If you know anything about religious history, you might remember that many new religions started in times of senseless and uncertainty. It’s this yearning for belonging and desire to place our faith somewhere that increases the susceptibility to anything that gives new language to hold onto and make the invisibility of our faith into something material and tactile. It’s the reason for the idiom, “There are no atheists in foxholes.”
If we don’t want to fall prey to the faith equivalent of snake oil or worsen existing spiritual narcissism, we need language to rediscover and renegotiate our oneness. We need pathways to rebuild our collective spiritual wellbeing.
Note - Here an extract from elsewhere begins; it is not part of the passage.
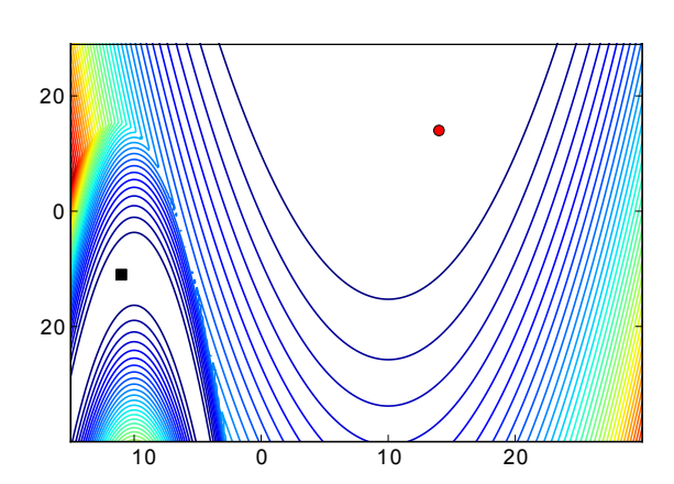 Figure 16: Left: Contour plot of (one instantiation of) the deceptive global optimization benchmark function $f_{rb}$ , in two dimensions. It is constructed to contain local optima in unit-cube-sized spaces, whose best value is uniformly random. In addition, it is superimposed on $10^d$ -sized regional plateaus, also with uniformly random value. Right: Value of the local optimum discovered on $f_{rb}$ (averaged over 250 runs, each with a budget of 100d function evaluations) as a function of problem dimension. Since the locally optimal values are uniformly distributed in [0,1], the results can equivalently be interpreted as the top percentile in which the found local optimum is located. E.g., on the 4-dimensional benchmark, NES with the Cauchy distribution tends to find one of the 6% best local optima, whereas employing the Gaussian distribution only leads to one of the best 22%.

I’ve been reading more about post-traumatic growth, the phenomenon of positive change in the wake of trauma. Post-traumatic growth is not a given. It requires a fair amount of creative destruction of old ways of thinking and the construction of new sources of identity and meaning. The process can be messy, non-linear, and emotionally painful for those going through it. But the outcomes, which include building stronger, more meaningful relationships and increased emotional resilience, generally outweigh these negatives.
While research is still ongoing, one thing that aids this process? Artistic and creative expression.
Taken together, the research and anecdotes support the potentially immense benefit of engaging in art therapy or expressive writing to help facilitate the rebuilding process after trauma. Writing about a topic that triggers strong emotions ("expressive writing") for just fifteen to twenty minutes a day has been shown to help people create meaning from their stressful experiences and better express both their positive and negative emotions.
Another pathway on the road to healing this collective loss of faith in humanity comes from the Nap Ministry, an organization that advocates for the liberatory power and collective and individual healing that comes from naps. Founder Tricia Hersey had this to say about the healing effect of naps:
The concept of rest imagines a new mental space. It’s rooted in liberation and justice. It’s more than a nap; it’s a pushback and disruption to help make people see themselves as divine human beings. It’s about community care: the idea of communal care, mutual aid, and interconnection with each other. We offer care to people who live in a place that doesn’t give them that care. We all have been traumatized by the systems in place. When people are mean and angry, I really just see it as an indication of deep trauma of their own self. White people need to do that spiritual and ancestral healing too, learn of their lineage, of what their place means in the world. Not just read a book. They have to change and give up power. They have to do it on their own. They have to interrogate themselves.